Fri Jun 29 03:00:44 PDT 2012

Chandler Carruth wrote:
> On Fri, Jun 29, 2012 at 12:34 AM, Duncan Sands <baldrick at free.fr
> <mailto:baldrick at free.fr>> wrote:
>
>     Hi Nick,
>
>      > The attached patch improves the interaction between GlobalOpt and
>     leak checkers.
>      > One of the things that GlobalOpt will do is delete all the stores
>     to a global
>      > that isn't loaded. If for some reason we don't mop up the
>     malloc/new which was
>      > being stored in that global, a leak checker will complain.
>
>     if the malloc cleanup code sees that the malloc result is stored to
>     a global,
>     then won't that prevent it from removing the malloc?  In short, isn't it
>     important to remove such dead stores exactly because you then have a
>     chance of
>     deleting the malloc call?
>
>     Also, isn't the leak checker right to complain, and the fact that it
>     doesn't
>     complain when the value is stored to the global just a weakness of
>     the leak
>     checker?  After all, if without the store the memory leaked, then
>     with the
>     store the memory leaked too, since the global is never read.  So
>     aren't you
>     just hiding real leaks here?
>
>     This patch seems completely backwards to how it should be to me.
>
>
> This is actually I think everyone's first reaction... and it's not
> unreasonable. We've been debating this pretty heatedly ourselves, so let
> me try to give some background.
>
> First, how the heap leak checking strategy we're interested in works in
> brief[1] and I suspect greatly simplified, so don't take this as a
> literal explanation:
>
> 1) It instruments the malloc library and records every allocation in a
> set of pointers.
> 2) It removes each freed allocation from the set.
> 3) At the end of the program's execution, it removes from the set all
> "live" pointers.
>
> The remaining pointers are considered "leaked".
>
> Why is this strategy useful? Why wouldn't you insist that *everything*
> not freed is leaked? Because of threads.
>
> In C++ (even the latest C++ standard), there is no reasonable and
> thread-safe way to free memory associated with global variables on
> shutdown. This stems from two strange realities of the system: there is
> no way to safely and correctly join *all* threads in a program, and the
> destructors (and thus memory deallocation) for global variables are run
> after main is exited.
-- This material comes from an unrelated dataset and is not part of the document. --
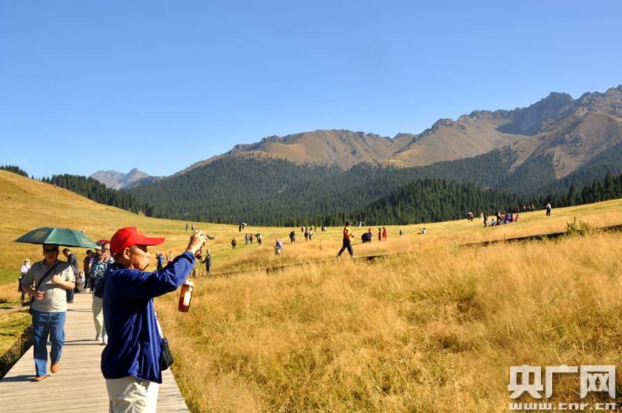 歡迎儀式現場游客們合照留念(央廣網發 徐燕 攝) 央廣網昌吉9月18日消息(記者張雷 昌吉臺記者朱麗君 通訊員徐燕 嚴海燕)“這里的原生態景色太美了,天藍藍的,空氣也特別清新,感謝旅游專列帶我們來到這里,讓我看到了新疆的壯美,感受到了祖國的偉大,不虛此行!”福州游客莊學平興奮地說。 9月17日,新疆奇臺縣迎來了800多名遠道而來的“親人們”——福州援疆·絲綢之路旅游專列滿載著福州人民的祝福,來到新疆。奇臺縣在江布拉克景區載歌載舞,熱情歡迎來自東南之濱的嘉賓。 2017絲綢之路·福州援疆旅游專列是福建援疆福州分指揮部在福州市旅發委、對口辦和奇臺縣委、縣人民政府的大力支持下,積極響應國家“一帶一路”倡議號召,深入貫徹落實第六次全國對口支援新疆工作座談會和全國旅游援疆工作會議精神,組織開通的昌吉州首趟旅游專列。專列于9月9日正式開啟,涉及行程包括:內蒙古包頭、寧夏中衛、陜西韓城、甘肅敦煌、新疆吐魯番、喀納斯、奇臺江布拉克等景區,歷時18天。 游客郭彩鳳今年82歲了,12年前曾來過新疆。自從踏上新疆的土地,上一次來新疆旅游的“畫面”像“放電影”在腦海中閃現。郭彩霞說:“這次來到新疆感覺變化太大了,社會和諧穩定,各族人民安居樂業。特別是江布拉克的雪山、草原太美麗了,讓人有一種久別重逢的激動,這次乘坐專列來,感覺很舒適、很有意義,值得一生記憶! 9月的江布拉克,秋染景區,深沉而灑脫。觸目可及的雪山,層巒起伏,延綿不斷,陽光照耀下,皚皚白雪顯得更加純潔;一眼望不到邊的松樹,身姿挺拔,像哨兵一樣守護著人間“美麗的凈土”,陣陣松濤之聲回蕩在幽深的山谷中;腳下松軟的草甸,隨著山勢的起伏,延伸到遠方,幾株還未凋謝的野花,向游客訴說著昨天夏日的熱烈;轉身相約的萬畝旱田,層層疊疊,金黃鋪地。小麥收割后,留下的黃澄澄的秸稈和機割后的美圖,空氣中散發著陣陣麥香;不遠處的田園風光,阡陌縱橫,農戶家輕煙裊繞,此景此情,如詩如畫,讓福州游客們流連忘返,爭相拍照,感受“中國大美、天山麥海、空中草原”綺麗風光帶來的心靈震撼。 黃洪川是來自廈門的游客,今年70多歲,退休前曾擔任廈門市老干局局長:“新疆我來過四次,前幾次都是公務活動,這一次感受最震撼,回去以后我要把奇臺的壯美分享給我的朋友,做江布拉克的宣傳員! “大家都覺得這里自然風景太美了,以后要帶著心愛的人來,希望全國有更多的人來這里旅游!90后魏萱是此次“絲路旅游·福州援疆”專列的領隊,在積極組織好此次活動的同時,她也隨時隨地充分感受著西域濃郁而熱烈的風情,“我們將來還要組織更多層級人士參加的旅游活動,把福州專列開好,真正成為新疆、福建兩地的友誼傳播專列、旅游觀光專列。” 奇臺縣委副書記、福建援疆福州分指揮長余養挺說:“奇臺縣正在全力打造‘浪漫奇臺,綠色康養’全域旅游,福州旅游業發展勢頭強勁,兩地旅游資源豐富,景致獨特,互補性強。福州要把旅游援疆和奇臺縣進行深入推進、合作,建立長效旅游機制,提升兩地旅游契合度、關聯度,讓‘絲路旅游·福州援疆’專列又穩又快地穿行于兩地,這不僅有利于增進福州和奇臺兩地各族人民的交流交往交融,還有利于推動奇臺縣實施全域旅游戰略,帶動第三產業經濟的發展,擴大奇臺縣知名度和美譽度。”

Because we can't join all threads before we exit
> main, it is always possible to exit main with a thread still alive and
> running and using a global variable.
>
> The result is that every global variable shared between threads with a
> non-trivial destructor is technically thread-hostile, and if the
> destructor deallocates memory, it is definitely thread-hostile. The
> solution is to always "leak" global allocations that might be referenced
> by some thread still running past the end of main. These leaks are
> categorically different from others -- they are necessarily bounded
> (they are all named) and don't represent an un-known heap growth in the
> program.
>
> I think the idea of GC roots is the best way to think about it -- the
> globals simply form a set of roots of allocations that are still live
> right to the end of the program, and thus have not yet been "leaked" per-se.
>
>
> Now, the more interesting part is the part about whether these
> allocations are *actually* unused, and whether they can still be folded.
> If globalopt is going to be able to *remove* the allocation, then by all
> means we should let it. I think in many cases it will do this in the
> presence of that last store, but Nick would know for sure. If it
> doesn't, we can certainly teach it to do so.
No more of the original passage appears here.